Source code for DashAI.back.explainability.explainers.permutation_feature_importance

from typing import List, Tuple, Union

import numpy as np
import pandas as pd
import plotly
import plotly.express as px
from datasets import DatasetDict
from sklearn.inspection import permutation_importance
from sklearn.metrics import accuracy_score, balanced_accuracy_score, make_scorer

from DashAI.back.core.schema_fields import (
    BaseSchema,
    enum_field,
    int_field,
    schema_field,
)
from DashAI.back.explainability.global_explainer import BaseGlobalExplainer
from DashAI.back.models import BaseModel


class PermutationFeatureImportanceSchema(BaseSchema):
    """
    Permutation Feature Importance is a explanation method to asses the
    importance of each feature in a model by evaluating how much the model's
    performance decreases when the values of a specific feature are randomly
    shuffled.
    """

    scoring: schema_field(
        enum_field(enum=["accuracy", "balanced_accuracy"]),
        placeholder="accuracy",
        description="Scorer to evaluate how the perfomance of the model "
        "changes when a particular feature is shuffled.",
    )  # type: ignore

    n_repeats: schema_field(
        int_field(ge=1),
        placeholder=10,
        description="Number of times to permute a feature.",
    )  # type: ignore

    random_state: schema_field(
        int_field(),
        placeholder=0,
        description="Seed for the random number generator to control the "
        "permutations of each feature.",
    )  # type: ignore

    max_samples: schema_field(
        int_field(ge=1),
        placeholder=100,
        description="The number of samples to draw from the dataset to "
        "calculate feature importance at each repetition.",
    )  # type: ignore



[docs]
class PermutationFeatureImportance(BaseGlobalExplainer):
    """Permutation Feature Importance is a explanation method to asses the importance
    of each feature in a model by evaluating how much the model's performance
    decreases when the values of a specific feature are randomly shuffled.
    """

    COMPATIBLE_COMPONENTS = ["TabularClassificationTask"]
    SCHEMA = PermutationFeatureImportanceSchema


[docs]
    def __init__(
        self,
        model: BaseModel,
        scoring: Union[str, List[str], None] = None,
        n_repeats: int = 5,
        random_state: Union[int, None] = None,
        max_samples: int = 1,
    ):
        """Initialize a new instance of PermutationFeatureImportance explainer.

        Parameters
        ----------
        model: BaseModel
            Model to be explained
        scoring: Union[str, List[str], None]
            Scorer to evaluate how the perfomance of the model
            changes when a particular feature is shuffled
        n_repeats: int
            Numer of times to permute a feature
        random_state: Union[int, None]
            Seed for  the random number generator to control the
            permutations of each feature
        max_samples: int
            The number of samples to draw from the dataset to calculate
            feature importance at each repetition
        """

        super().__init__(model)

        metrics = {
            "accuracy": accuracy_score,
            "balanced_accuracy": balanced_accuracy_score,
        }

        self.scoring = metrics[scoring]
        self.n_repeats = n_repeats
        self.random_state = random_state
        self.max_samples = max_samples


    def explain(self, dataset: Tuple[DatasetDict, DatasetDict]):
        """Method for calculating the importance of features in the model

        Parameters
        ----------
        dataset: Tuple[DatasetDict, DatasetDict]
        Tuple with (input_samples, targets) used to generate the explanation.

        Returns
        -------
        dict
            Dictionary with the features names and the avarage importance of
            each feature
        """
        x, y = dataset

        # Select split
        x_test = x["test"]
        y_test = y["test"]

        input_columns = list(x_test.features)
        output_columns = list(y_test.features)

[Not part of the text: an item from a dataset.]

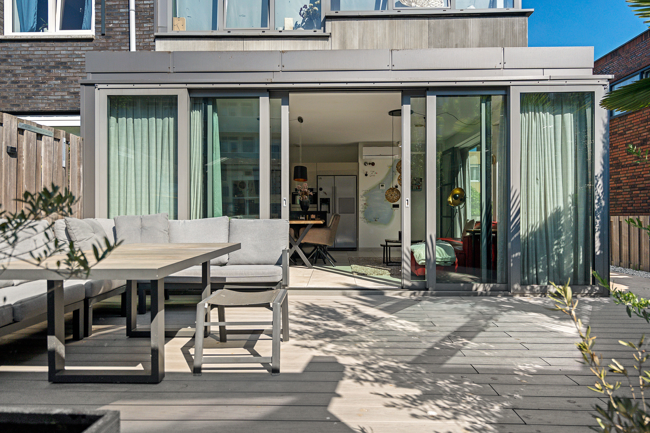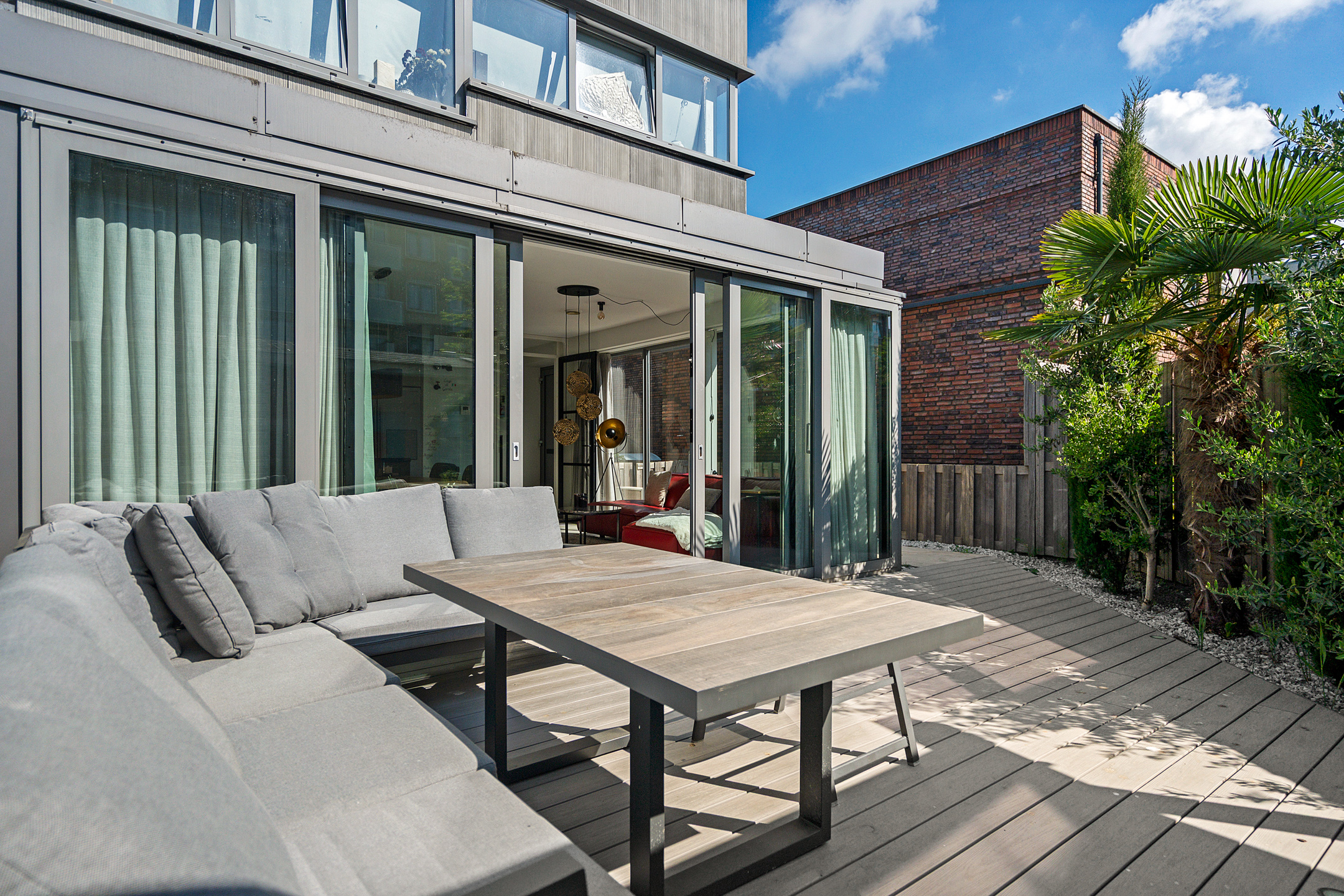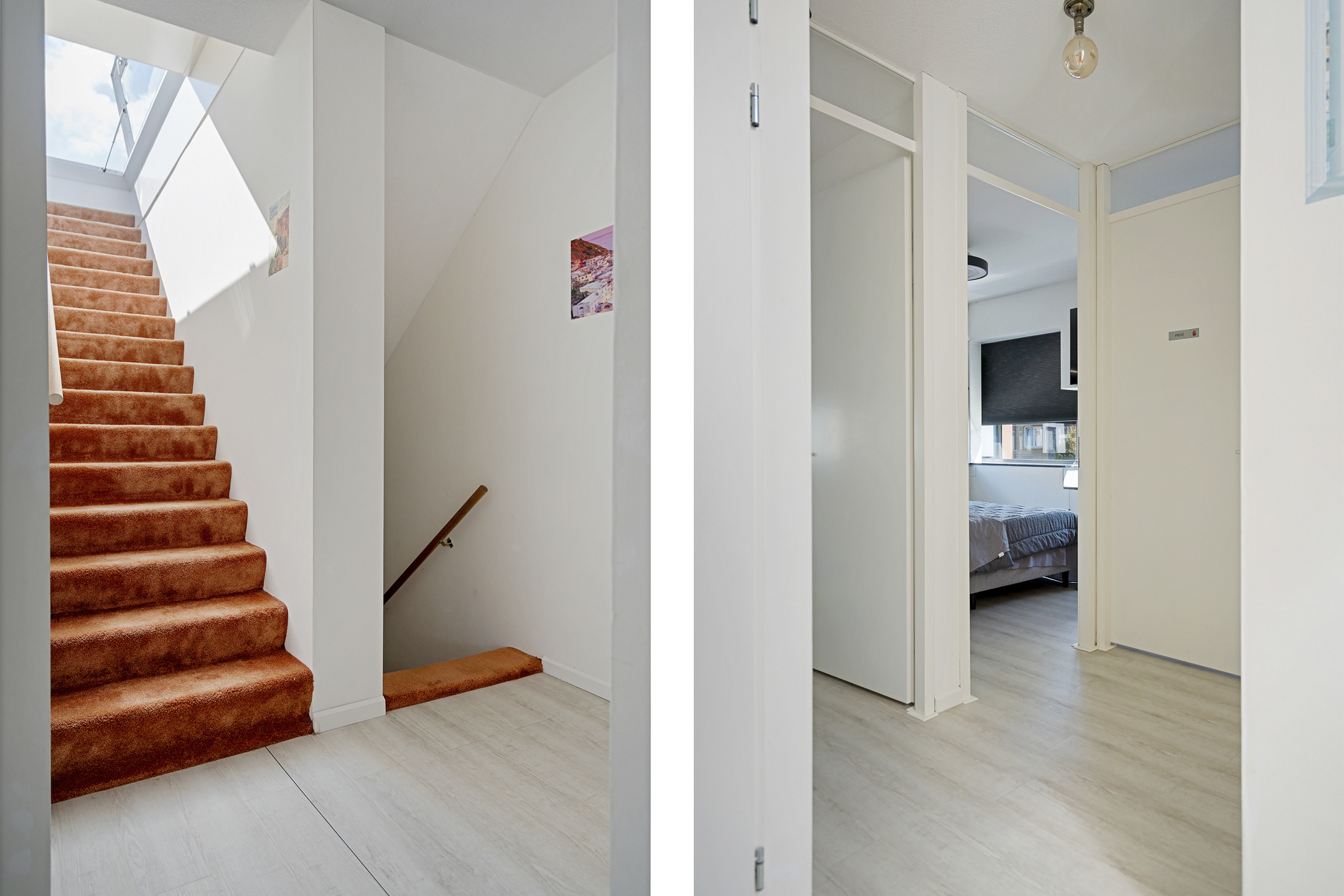 De woning maakt deel uit van een uniek pand dat gedeeld wordt met de buren. Dankzij de slimme indeling heb je aan de achterzijde de woonkamer, tuin en het dakterras, terwijl de slaapkamers aan de voorzijde liggen. Hierdoor ontstaat een speelse en prettige woonindeling, met volop privacy en ruimte.
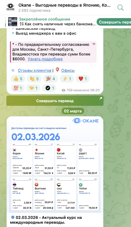 На телеграмм-канал «Okane Выгодные переводы», располагающийся по адресу okane transfer, на 8 марта 2026-го года подписаны 2,6 тысяч пользователей.

        input_columns = list(x_test.features)
        output_columns = list(y_test.features)

        types = {column: "Categorical" for column in output_columns}
        y_test = y_test.change_columns_type(types)

        def patched_metric(y_true, y_pred_probas):
            return self.scoring(y_true, np.argmax(y_pred_probas, axis=1))

        # TODO: binary and multi-label scorer
        pfi = permutation_importance(
            estimator=self.model,
            X=x_test.to_pandas(),
            y=y_test.to_pandas(),
            scoring=make_scorer(patched_metric),
            n_repeats=self.n_repeats,
            random_state=self.random_state,
            max_samples=self.max_samples,
        )

        return {
            "features": input_columns,
            "importances_mean": np.round(pfi["importances_mean"], 3).tolist(),
            "importances_std": np.round(pfi["importances_std"], 3).tolist(),
        }

    def _create_plot(self, data: pd.DataFrame, n_features: int):
        """Helper method to create the explanation plot using plotly.

        Parameters
        ----------
        data: pd.DataFrame
            dataframe containing the data to be plotted.
        n_features: int
            number of features to be displayed initially in the plot.

        Returns:
        List[dict]
            list of JSONs containing the information of the explanation plot
            to be rendered.
        """
        fig = px.bar(
            data.iloc[-n_features:],
            x=data.iloc[-n_features:]["importances_mean"],
            y=data.iloc[-n_features:]["features"],
            error_x=data.iloc[-n_features:]["importances_std"],
        )

        fig.update_layout(
            xaxis_title="Importance",
            yaxis_title=None,
            annotations=[
                {
                    "text": "",
                    "showarrow": False,
                    "x": 0,
                    "y": 1.15,
                    "xanchor": "left",
                    "xref": "paper",
                    "yref": "paper",
                    "yanchor": "top",
                }
            ],
            updatemenus=[
                {
                    "x": 0,
                    "xanchor": "left",
                    "y": 1.2,
                    "yanchor": "top",
                    "buttons": [
                        {
                            "label": f"N° features: {len(data.iloc[-c:,])}",
                            "method": "restyle",
                            "args": [
                                {
                                    "x": [data.iloc[-c:]["importances_mean"]],
                                    "y": [data.iloc[-c:]["features"]],
                                    "error_x": [data.iloc[-c:]["importances_std"]],
                                },
                            ],
                        }
                        for c in range(len(data))
                    ],
                }
            ],
        )

        return [plotly.io.to_json(fig)]

    def plot(self, explanation: dict) -> List[dict]:
        """Method to create the explanation plot.

        Parameters
        ----------
        explanation: dict
            dictionary with the explanation generated by the explainer.

        Returns:
        List[dict]
            list of JSON containing the information of the explanation plot
            to be rendered.
        """
        n_features = 10
        data = pd.DataFrame.from_dict(explanation)
        data = data.sort_values(by=["importances_mean"], ascending=True)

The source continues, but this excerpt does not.